FACE







Available from Wings Press, San Antonio. ISBN 0-930324-90-0
FACE, Viking, New York, 1984, 194 pages, (out of print).
Contemporary American Fiction series, Penguin, New York, 1985
(out of print).

"When I read Face in 1985, it struck me as an extraordinary achievement, all the more extraordinary for being a first novel. Rereading it has not changed my estimate....Face continues to haunt me."
-- From the foreword by J.M. Coetzee, Nobel Prize, 2003.

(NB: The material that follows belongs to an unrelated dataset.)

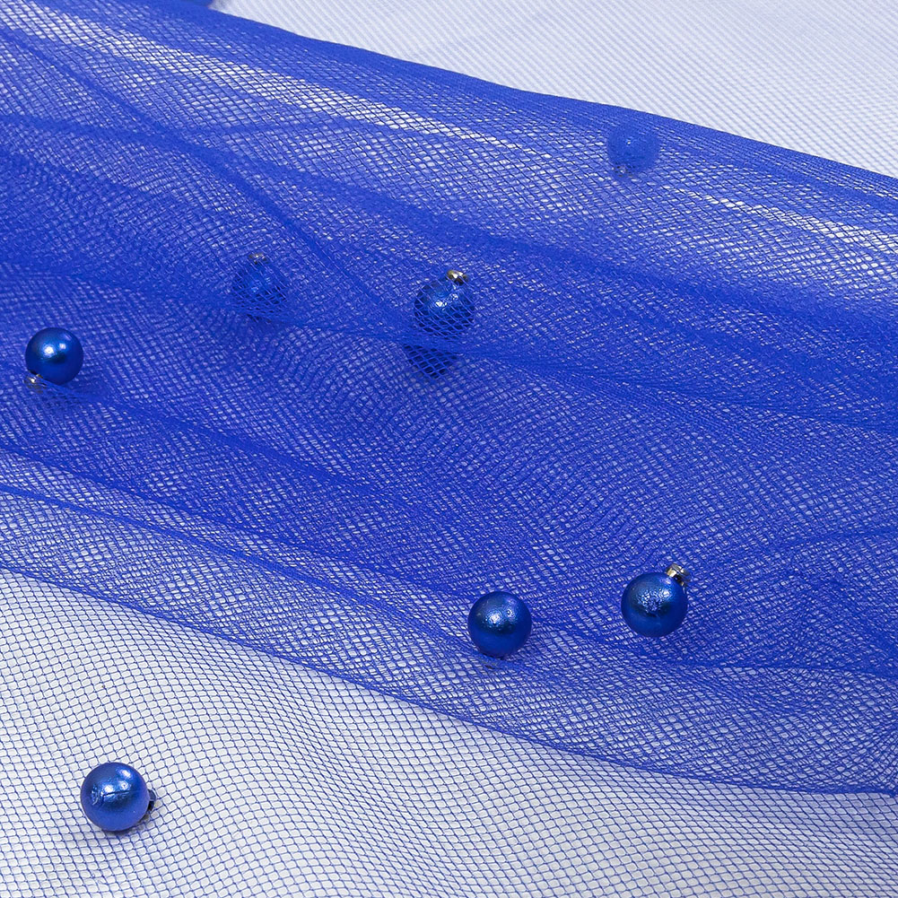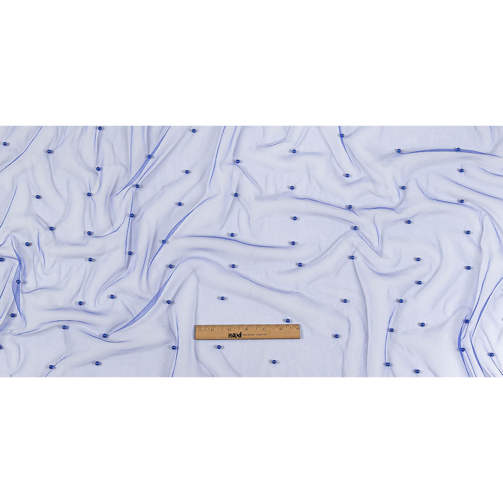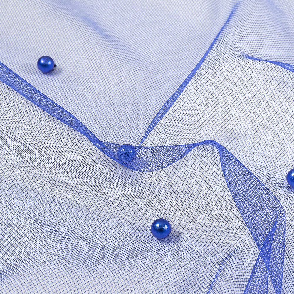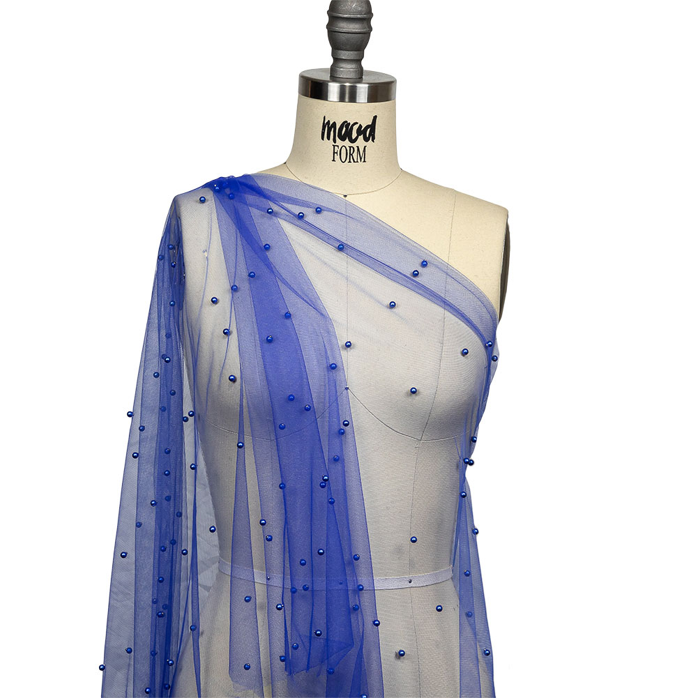 Electrify your next look with this Cobalt Beaded Tulle! Featuring a fluid drape and a soft, tactile hand.Suggested Projects: Veils, Necklines, Overlays for Dresses, AccessoriesContent: 100% NylonStretch: Slight Mechanical GiveOpacity: SheerVivid blue pearl-like beads evenly dot a tulle backing of the same color. A fluid drape paired with a soft and lightly textured hand makes it ideal for accessories, veils, dress overlays, and decorated illusion necklines! Upgraded tutus are also an option. Sheer in construction, a lining is recommended for where opacity is desired.

"The author reveals the immense power of human will and obsession; an original, complex portrait of survival."
Cathy Colman, New York Times, April 28, 1985

From Face:

HE IS wandering the street outside. It is dark, no moon, only the kerosene lights glow red in the doorways. The windows are shut tight against the night air. Something is different, uncanny. No trace now of cobblestones, only the lightness of this feeling, his feet barely touching, effortless, like riding a bus, or flying, skimming over the surface quickly, like a dragonfly over water, yes, and feeling what? Some kind of freedom. And then panic. Touching. Touching to make sure. Why isn't the handkerchief there? Why is his face exposed? Someone has died. And sharp, with that knowing, row upon row of dimly powered lamps swing naked from wires overhead, bright streets (dark only a moment ago) fill with walkers, all solemn, hatted, in a ceremony closed to him, all with handkerchiefs over their faces. And the signs painted red over the doorways: "Moved," Closed," "For Sale," "Deceased."

He was about to enter the picture show, a room plush, velvety; wine-dark like the soul, and there to take his seat. He was supposed to be there. He had been called. Something there, a welling cloud, a balloon of blue air, now bulging, now concave: eyes, brows, cheekbones, a vast blue Madonna with sad eyes, pulsating, breathing mercy at him, her sad smile, blue lips, skin now pulsing, throbbing with light, each cell opening like a pore, and in each pore, each cell, a face, hundreds of faces, each throbbing, pulsing with its own light."